I got me a sweet deal from some guy here in T.O. and now thinking of what to do with it. It has same engine as the late 80s dodge caravan which is a mitsubishi 6G72, a V6 3.0L, a 4x4(with 2H, 4H, 4L) and an auto with overdrive. an awsome engine but not too economical. Especially in the raider for some reason, it gets wors l/km than the caravan even though it is a short wheel base, must be the 4x4 or the trans gearing.
anyway i was searching high and low but it seems that no one has done this, and why?








this is a perfect rig for a VW diesel power. i know there are people out there that sell an adapter for a sidekick to swap in a TDI. but my problem is the lack of info on the raider transmission, especially the automatic. i could dive right in and do a 6 month engine swap deal but this is nonecence.
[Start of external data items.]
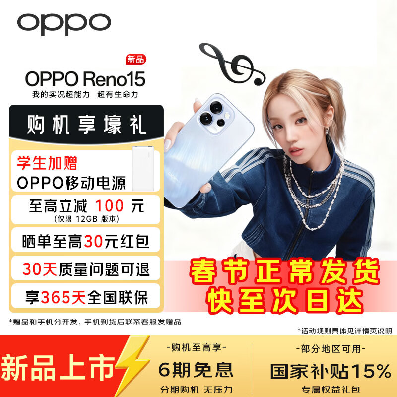 OPPO【国家补贴减15%】 OPPO Reno15 星光蝴蝶结 2亿像素超清影像 超出圈实况 5GAI拍照手机reno15 极光蓝 12GB+256GB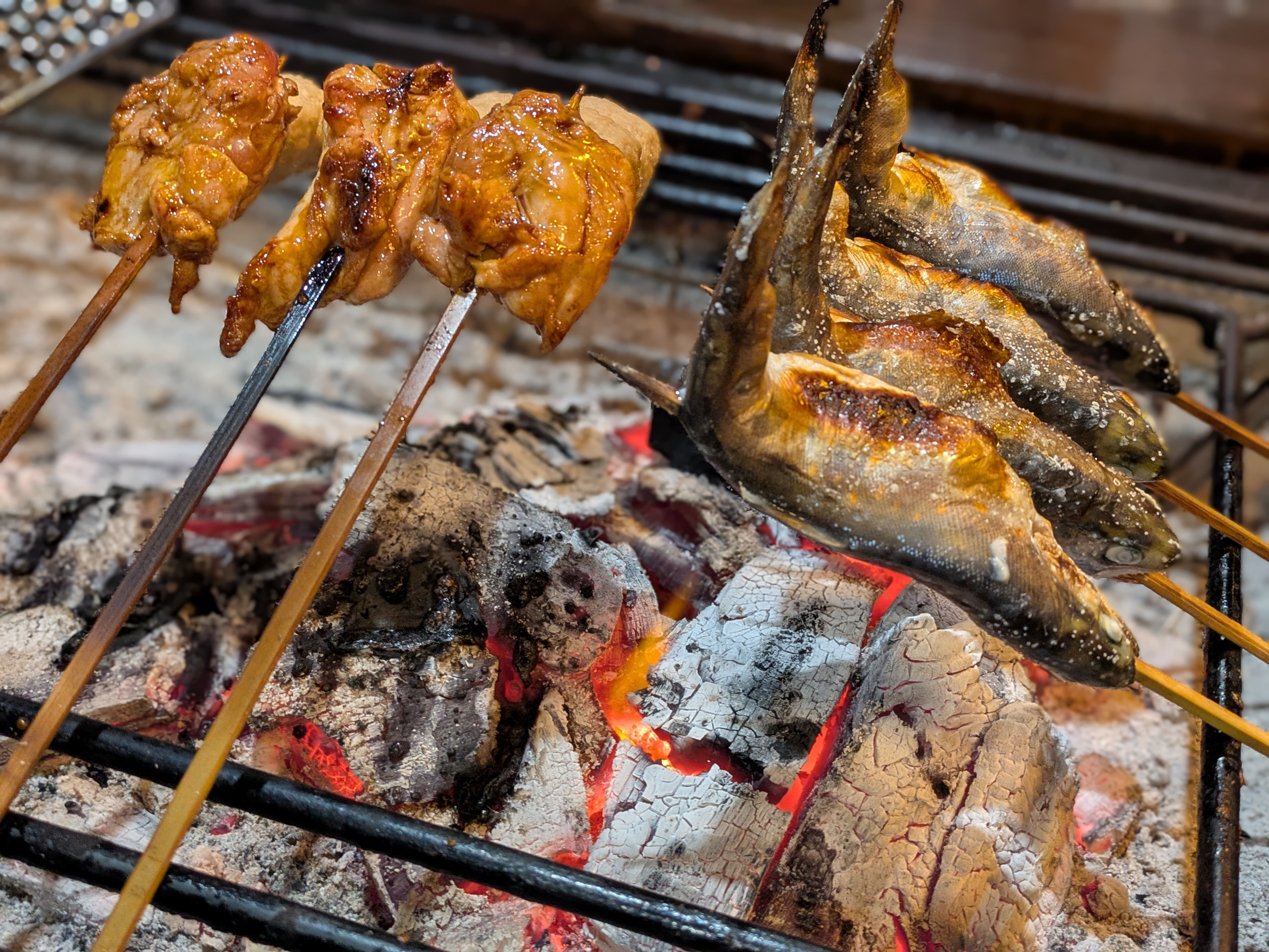 囲炉裏の炭火で焼きたて頬ばる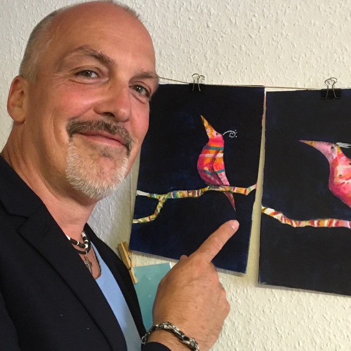 Es war ein schönes Treffen und eine liebevoll vorbereitete Vernissage mit vielen farbenfrohen Acryl-Bildern. Zwei Vögel hatten es mir besonders angetan… 3..2..1..meins!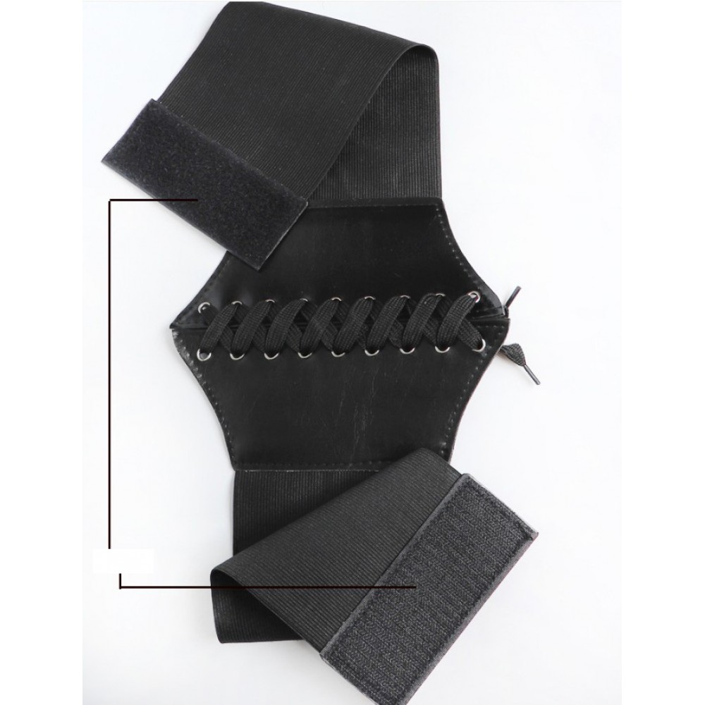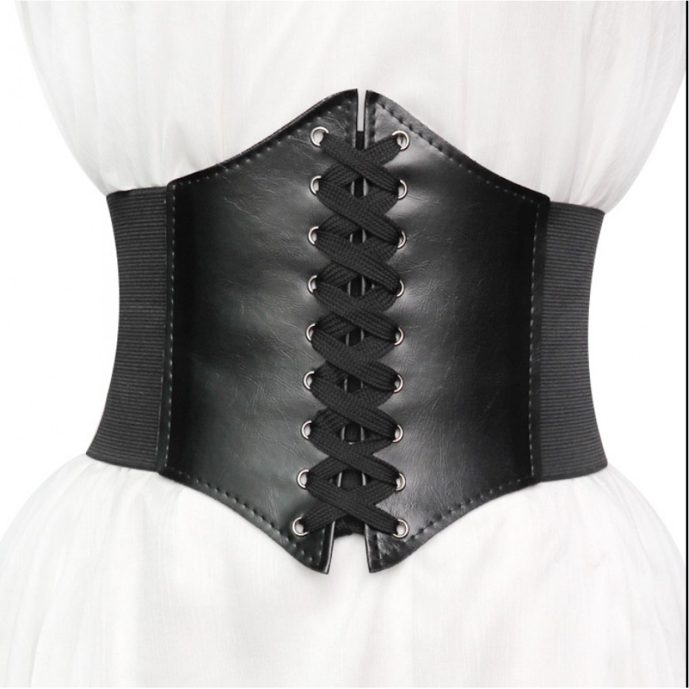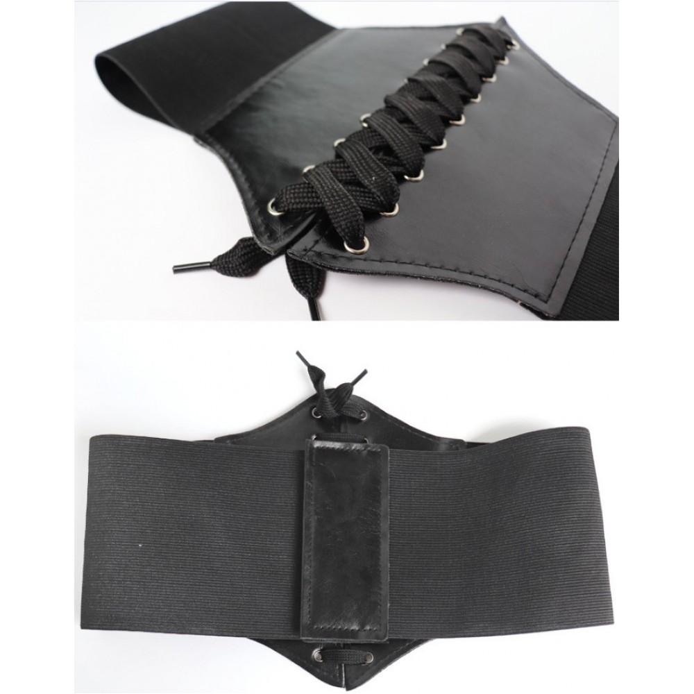 Чорний широкий пояс з шнурівкою — класика, яка робить талію візуально вужчою і додає образу виразності. Виглядає стильно як у повсякденних, так і в тематичних луках.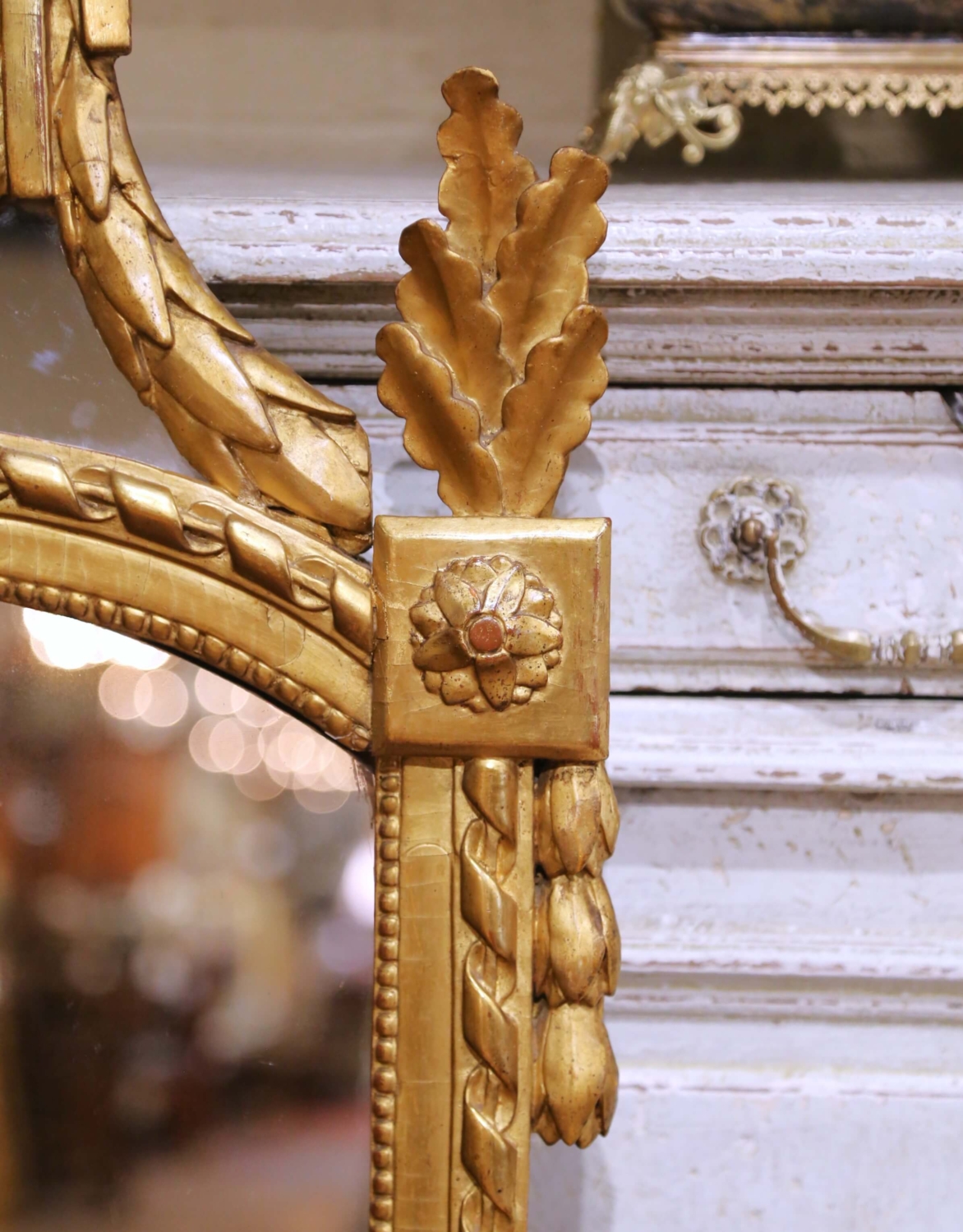 This refined antique French mirror was crafted in southern France circa 1780, and exemplifies the elegant restraint of the Louis XVI period. Carved from wood and finished in its original gilt surface, the frame is adorned with crisply defined classical motifs including twisted ribbon molding, laurel garlands, floral rosettes, and an urn-form crest surmounted by floral finials. The balanced proportions and architectural detailing give the piece a timeless presence while remaining light and graceful. The wall mirror retains its original mercury glass plate and original wooden backing, a highly desirable survival that speaks to its authenticity and quality. The glass displays gentle age-related sparkle and subtle imperfections consistent with period manufacture, adding depth and character without distracting from its clarity. The gilt finish shows warm tonal variation and fine wear commensurate with age and use, enhancing the mirror’s patina rather than detracting from it. An exceptional size for a powder room, entryway, or above a console, this antique mirror offers both decorative impact and historical integrity. Dimensions: 25.25″ W x 46.5″ H
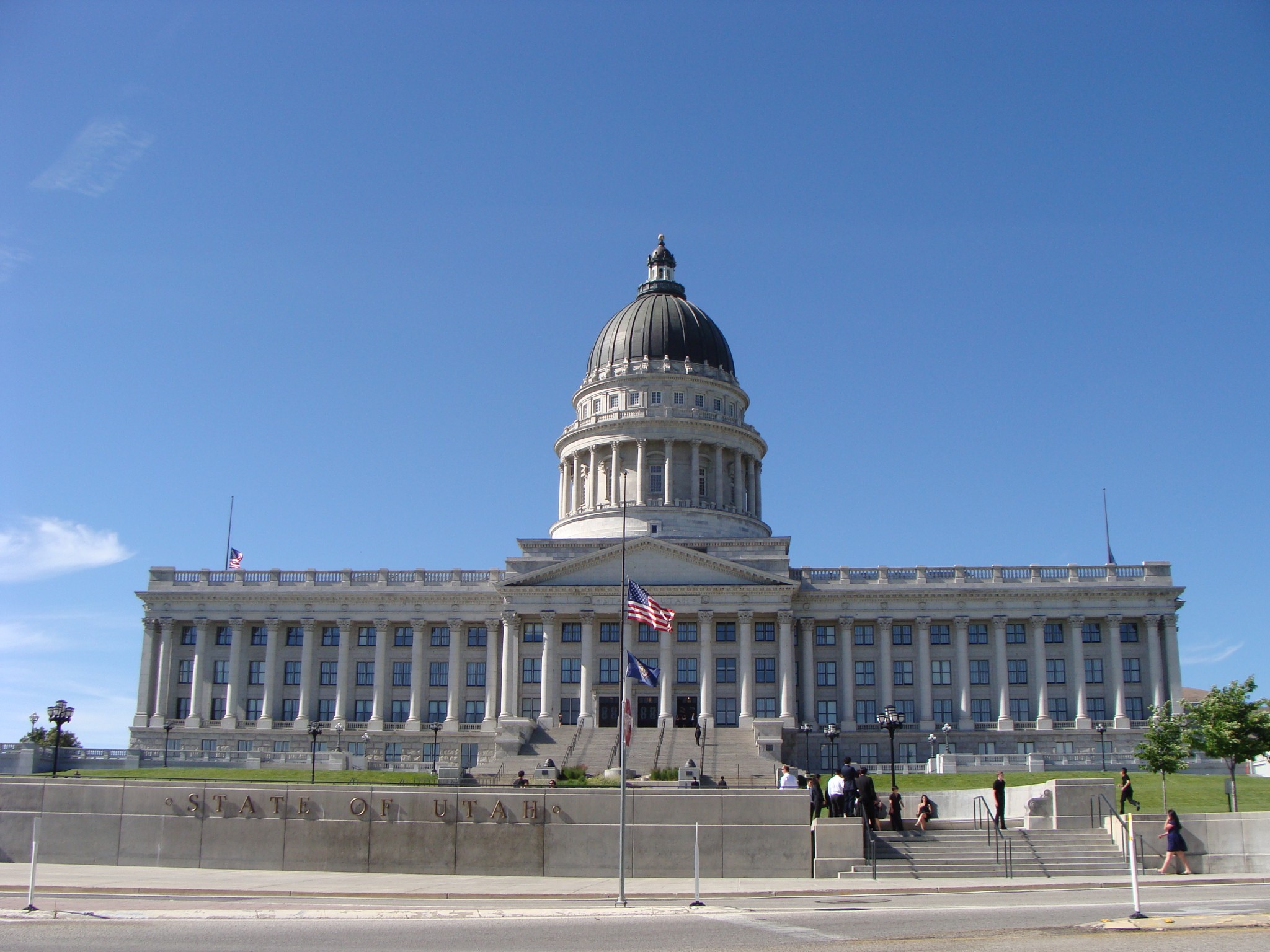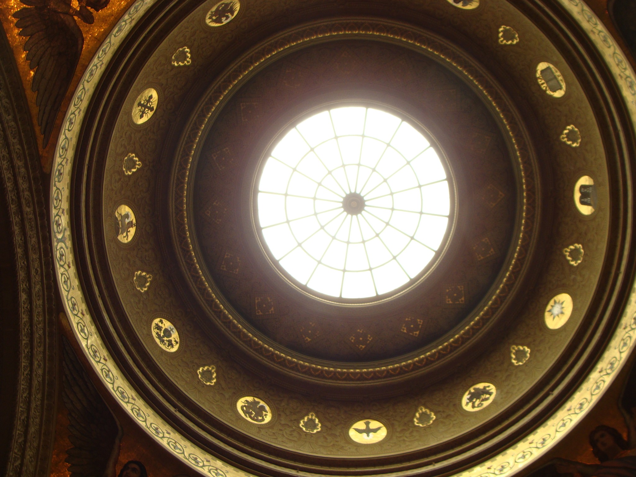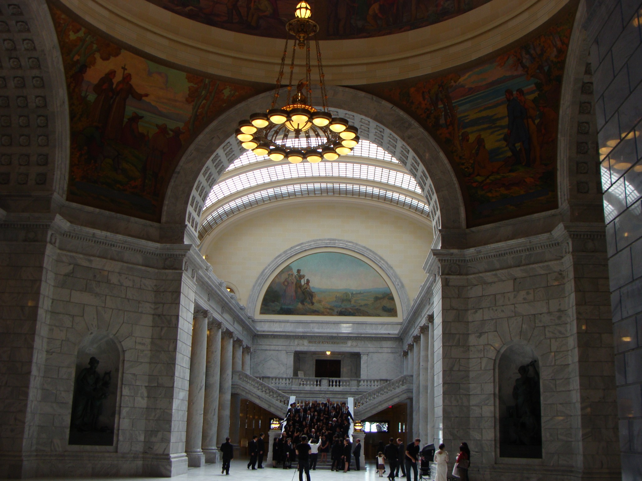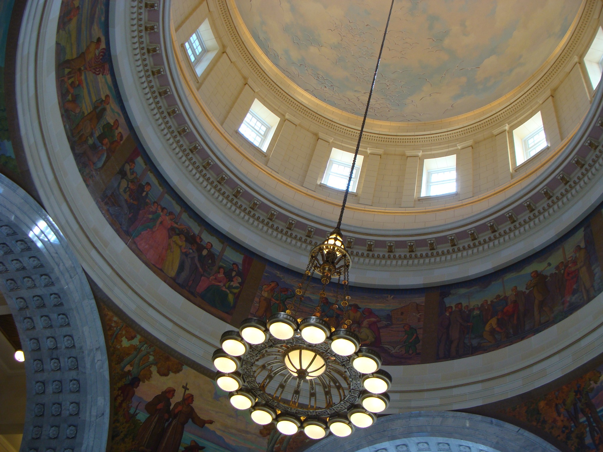 犹他州议会大厦 ,穹顶装饰着色彩斑斓的描绘开拓者、狩猎者和传教士的works progress administrtion壁画

So i was hoping someone here knows someone or has some info that can help me out.
willing to pay someone for an adapter plate for me, but not know of anyone who has done it.
thanks again
by the way, happy holidays everyone.
ip


----------



## ipdesign (Nov 16, 2004)

*Re: 1989 Dodge raider swap 1.9TDI? (ipdesign)*

anyone got any ideas?
the people that do the adapter for suzukis told me they have nothing for a mitsubishi, and mentioned best bet is to swap the transmission as well. well that is a whole new game.
any have some input on this?


----------



## QuantumSyncro (Apr 28, 2000)

*Re: 1989 Dodge raider swap 1.9TDI? (ipdesign)*

I think the reason you're not finding much for conversions is because the Raider was such a limited seller, at least in the US. They just didn't sell too many of them.
You might be able to find adapter components for a transplant, and I would first start by searching for general VW engine adapters on the net, for like Samurai with VW diesel power, and then ask the vendors of those items if they know someone who makes them for the Raider. Can't say I've run across any myself.
The other way you might go with this is to try and acquire a powerplant native to a Pajero, which was available with diesel, although not in the US. That might be a better way of moving forward with your diesel conversion if you really want a diesel under the hood.
good luck, and report back with anything you might find!


----------



## mycruiseagent (Oct 9, 2001)

*Re: 1989 Dodge raider swap 1.9TDI? (QuantumSyncro)*


_Quote, originally posted by *QuantumSyncro* »_I think the reason you're not finding much for conversions is because the Raider was such a limited seller, at least in the US. They just didn't sell too many of them.... The other way you might go with this is to try and acquire a powerplant native to a Pajero, which was available with diesel, although not in the US. ...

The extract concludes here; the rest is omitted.